Keywords—classification algorithm; machine learning; mining data; STF   

I. INTRODUCTION

The government of Indonesia states that the economic conditions diversity of the communities varies widely, thereby the policy-making in relation to the expenditure of the community for a service should pay attention to the justice aspect by classifying the financial capability of each citizen to adjust the cost amount. This matter underlies the birth of Cross Subsidy policy, not least in the world of education with the application of Single Tuition Fee (STF) which has been regulated in Permenristekdikti Number 22 Year 2015 [1].

In the case of the STF amount group determination, each university should analyze new student data to classify its financial capabilities. The main criteria used, As the part that has been set on [1], it is the parent income criteria. However, the financial ability of a student cannot be seen only from the income amount of his parents alone. Other influential criteria such as the number of siblings, regional origin, and selected study cluster also have an impact on a student’s financial ability.

The number of criteria and the amount of student data that reaches thousands to be analyzed certainly takes a lot of time, effort and cost [2]. It is required a system that can assist in decision making about the STF amount determination of each student with analysis of his financial ability.

In this research, the best mining data classification algorithm to determine the student’s STF group is explored by utilizing Machine Learning. Classification algorithms such as Decision Tree, Naïve Bayes, and Support Vector Machine as classifiers are discussed in order to find the best algorithm in terms of accuracy for the case of student’s STF group determination.

II. LITERATURE REVIEW

Single Tuition Fee or commonly referred to as STF is a form of Indonesian government policy to guarantee the right of every citizen to receive a proper education. STF is designed as an educational financing solution at the university level by applying the concept of cross-subsidy. For fees in STF as referred to Article 2 paragraph (2) Permenristekdikti Number 22 Year 2015 [1] consists of several groups determined based on the economic ability of students, students’ parents, or other parties who finance it.

The nature of STF determination works by analyzing a student’s financial ability based on characters that can affect his financial condition. To overcome this problem, mining data techniques are commonly technique used [3]. Mining data is a series of processes for extracting previously unknown new information from a data set [4]. Mining data is mostly conducted to the purposes of classification, prediction, and clustering. For the case of STF determination itself fell on the classification analysis.

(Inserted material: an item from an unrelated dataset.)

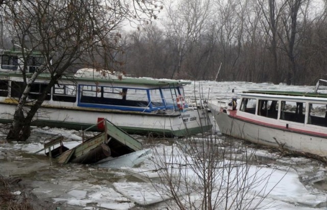 Льодохід, що рушив із Закарпаття в Угорщину по Тисі, розчавив кілька кораблів у районі Токаю.

Several researches have shown that financial ability analysis could be conducted with mining data for various financial purposes [4] such as Student Determination with Difficult Economic Conditions [3], Prediction of Scholarship Provision Determination [5], up to Classification for Financial Fraud Detection [6].

Tabel 1. NEW STUDENTS’ REGISTRATION DATABASE OF UJUNG PANDANG STATE POLITECHNIC

No. Participant No. City of Origin Father’s Income Mother’s Income Dependent Cluster
1 10082 Pangkajene Kepulauan Regency Rp. 1.000.000 – Rp. 2.000.000 No Income 4 Engineering
2 10031 Pangkajene Kepulauan Regency Rp. 2.000.000 – Rp. 3.000.000 No Income 3 Engineering
3 20063 Polewali Regency Rp. 2.000.000 – Rp. 3.000.000 No Income 2 Commerce
3528 11849 Makasar City Rp. 2.000.000 – Rp. 3.000.000 Rp. 1.000.000 – Rp. 2.000.000 5 Engineering

Research [3] conducted an analysis to find and determine students with difficult economic conditions based on the condition of their family’s ability in paying tuition fees. This research is conducted because the economic condition that burden the students can negatively affect mental health, academic performance, students’ personal, to the social life [3]. Finally, this research explores mining data with multi-label learning problem to student’s habits on campus from various perspectives through activity with student card, internet usage and places they visited in campus environment. This research compared several methods such as Support Vector Machine (SVM) and Multiple Kernel Learning (MKL) with self-developed method that is Dis-Hard. The result of the proposed method of research [3] got better performance results from existing methods. This research showed the economic ability of a student could be extracted with mining data.

Mining data and machine learning as a technique for determining the eligibility of students in receiving educational scholarships are conducted on research [5]. This research takes some characters of students such as moral, intellectual, to health as a variable to determine the scholarship. With the Naïve Bayes (NB) method, research [5] succeeded in finding the cause of a student deserving or not getting a scholarship. This reserach showed the potential of Naiver Bayes could be used in the case of STF.

The use of classification techniques in mining data for financial needs is also indicated by research [6]. The research aimed at becoming a detector in financial fraud utilizes three different methods, namely SVM, Naïve Bayes and K-Nearest Neighbors (KNN). Research [6] has finally found that SVM provided superior results compared to NB and KNN.

Research [7] showed the extracting of information on mining data can also be conducted using Decision Tree method. The research that aims to classify this non-performed credit utilizes decision tree as the basic method of approaching the classification of non-performed credit. The analysis performed with this market financial object found that the classification approach based on decision tree resulted with high accuracy, which could provide an explanation of the factors that affecting each classification.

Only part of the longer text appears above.